I wish Noah could see this. And Mom.
Eventually, he steps back in a stumbling kind of way as if pulling himself out of a trance, takes a cigarette pack out of a pocket in his smock, lights up, and, leaning against a nearby table, he smokes and stares at the sculpture, tilting his head from left to right. I’m recalling his bonkers biography. How he came from a long line of gravestone cutters in Colombia and began carving at the age of five. How no one had ever seen angels as magnificent as his, and people who lived near the cemeteries where his statues watched over the dead swore they heard them singing at night, swore that their heavenly voices carried into their homes, their sleep, their dreams. How it was rumored that the boy carver was enchanted or possibly possessed.
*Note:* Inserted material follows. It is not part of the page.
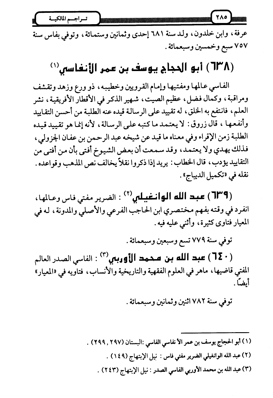 1 أبو الحجاج يوسف بن عمر الأنفاسي الفاسي: البستان "297، 299".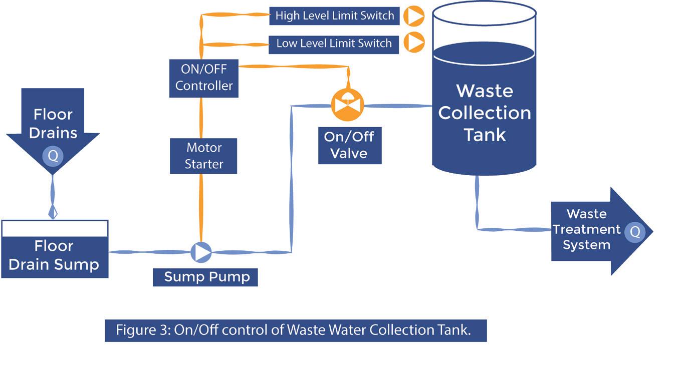 The advantage of this method is that it does not require any plant instrumentation or control valves, but the disadvantage is that there is a possibility of the floor drain sump overflowing. Also, there is additional energy costs associated with pumping more water up to the wastewater collection tank than the downstream process can handle.

I’m going with the latter.
He’s the kind of man who walks into a room and all the walls fall down. Agreed, Mom, which puts me back at square one. How am I going to ask him to mentor me? This him is far more frightening than Igor.
He flicks his cigarette on the floor, takes a long sip of water from a glass on the table, then spits it from his mouth onto the clay—ah, gross!—then he works the moistened section furiously with his fingers, his eyes now glued to what he’s doing. He’s lost in it, drinking and spitting and molding, drinking and spitting and molding, sculpting like he’s trying to pull something he needs out of the clay, needs badly. As time passes and passes, I begin to see a man and a woman take shape—two bodies tangled up like branches.
This is wishing with your hands.
I don’t know how much time goes by as I and a handful of enormous stone couples watch him work, watch him rake his hands, dripping with wet clay, through his hair, over and over again, until it’s not clear if he’s making the sculpture or if the sculpture is making him.